‘Silicon Valley’ Highlighted Every Problem with the Startup World (in a Montage)

‘Silicon Valley’ Highlighted Every Problem with the Startup World (in a Montage)

In case you missed this week’s hilarious episode of ‘Silicon Valley’ on HBO, here’s what captured perfectly.

In Sunday night’s (hilarious) episode of HBO’s ‘Silicon Valley’ the Pied Piper team traveled to TechCrunch Disrupt to compete in the Startup Battlefield. In a brief, two-minute or so montage, the show brilliantly captured everything that is wrong with the startup world and probably made a bunch of buzz-word happy programmers rethink their pitch. (Disclosure: I have, on multiple occasions, used several of these terms and my laughing at the episode was a form of pseudo self loathing.)

For those of you unfamiliar with the Disrupt Startup Battlefield, it is a showcase during the tech mecca where new companies enter to win a (not so important) cash prize of $50,000 and the (very, very important) grand prize of the Disrupt Cup. For anyone who has dabbled in the world of startups, a few problems are abundantly clear right from the get go, not the least of which is the fact that everyone describes their product in the exact same way.

The big problem with startups from a recent episode of 'Silicon Vallet'.
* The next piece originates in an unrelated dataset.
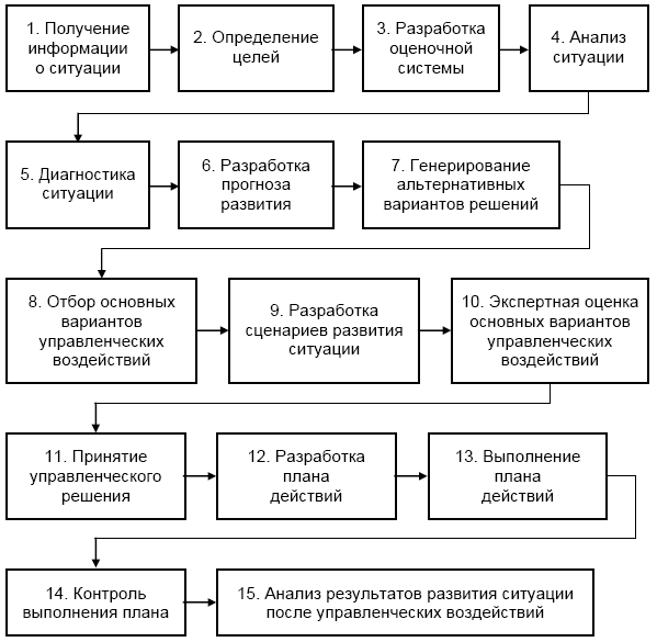 Этап 15. Анализ результатов развития ситуации после управленческих воздействий. Завершает процесс принятия управленческого решения анализ результатов реализации принятого управленческого решения, который учитывается при принятии последующих управленческих решений. Реализованный план или его фрагмент должны быть подвергнуты тщательному анализу с целью оценки эффективности принятых управленческих решений и хода их реализации.

The terms ‘revolutionary’, ‘game changing’ and ‘groundbreaking’ are used ad nauseam to describe products with simplistic (if not unnecessary) functionality. People talk about ‘making the world a better place’ by launching an app that communicates directly with a dog collar. In recent years with the success of products like Instagram and WhatsApp, the startup market has become incredibly over-saturated, and ‘Silicon Valley’ took advantage of the hilarity that results from bandwagoning.

What was so funny?

In the episode, as we observe a brief montage of startups pitching their often idiotic products – like the jacket that emits microwaves to heat individuals instead of turning on their heaters, thereby ‘making the world a better place’ – we see that the rhetoric of every hopeful is virtually indistinguishable. Whether it is a mobile yoga app or algorithms for consensus protocols, everyone touches on the three most important points: their product will ‘revolutionize’ industry X, it somehow makes the world a ‘better place’ and, of course, the company is completely SoLoMo, or MoLoSo, or they have gone from MoSoLo to LoMoSo (variations of Social-Local-Mobile).
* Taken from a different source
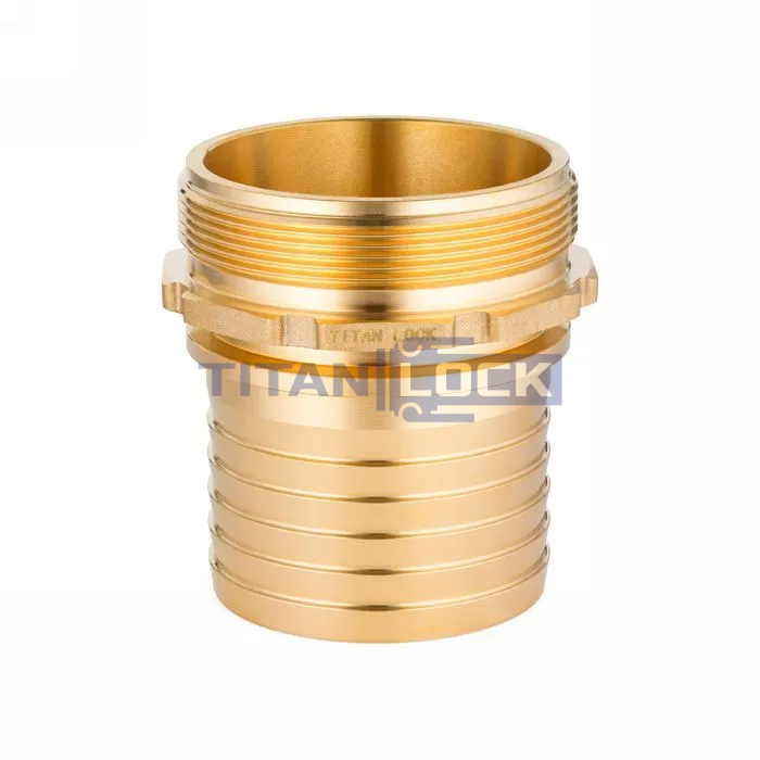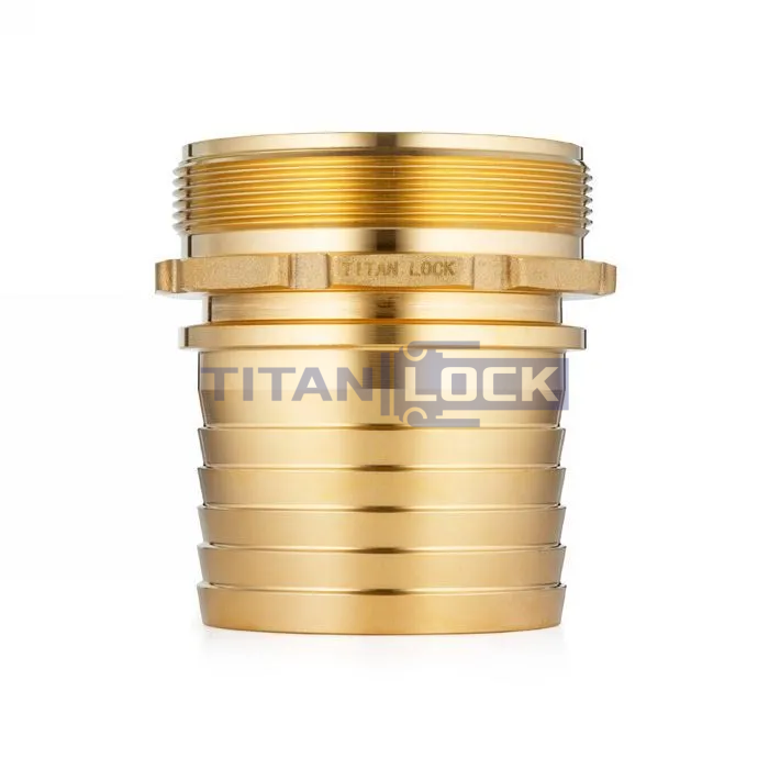 Штуцер DIN2818 с наружной резьбой TLSM50BR TITAN LOCK из латуни имеет буртик для зацепления к 4-х болтовым хомутам DIN 2817 и хвостовик под шланг.

Perhaps the funniest part of the montage came at the end, when the judges, sick of listening to dozens of the same presentation, tear apart the maker of the microwave jacket, telling him that no one will ever be convinced to use his product. And therein lies one of the few problems with the startup world highlighted by this episode of ‘Silicon Valley’.

What are the problems?

As noted above, this brief montage highlights the over-saturation and, quite frankly, monotony that has swept over the startup world. While every product might be unique (in some way, if only barely) and offer a niche a value added, not every one is going to change the world.

The problem with startups is they all sound the same.
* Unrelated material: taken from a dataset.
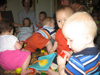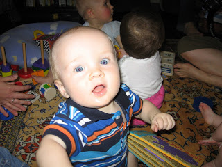 Quinn and I had a busy day today. We joined the \”Raising in the Rain\” playgroup at one of the mom\’s house and there were a good 15 or so mom\’s there with their babies. The mom, Sarah, made us lunch and then let us wreck her house 😉 It was a lot of fun.
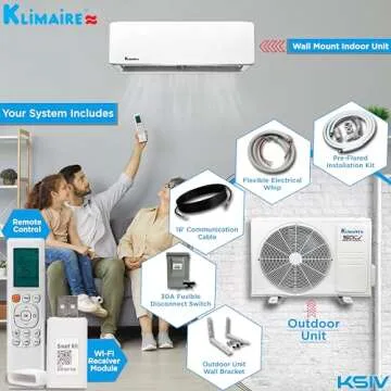 Show more Discover the ultimate comfort solution with the advanced 9,000 BTU KSIV system. This extraordinary unit not only boasts an impressive energy efficiency rating of up to 21.5 SEER2, but also provides reliable heating and cooling for spaces up to 350 sq. ft. Ideal for both residential and commercial applications, it seamlessly adapts to seasonal changes, ensuring a pleasant atmosphere all year round.

What’s more, terms like ‘groundbreaking’ and ‘revolutionary’ are so greatly overused, that the moment we hear them we jump immediately to the conclusion that a product’s USP is not good enough to stand on its own. Penicillin was groundbreaking and revolutionary – an app that allows you to start your coffee maker from your phone is not. (OK – bad example. But you get my point.)

What to do? What to do?

I am not saying that there is anything wrong with hoards of young entrepreneurs looking to make something new and innovative, I just think that the grandiose notions associated with these microscopic applications need to be scaled. There is a lot of great, exciting stuff happening out there. But when it comes to the tech world, not everyone is sitting on the next Google, WhatsApp or Facebook.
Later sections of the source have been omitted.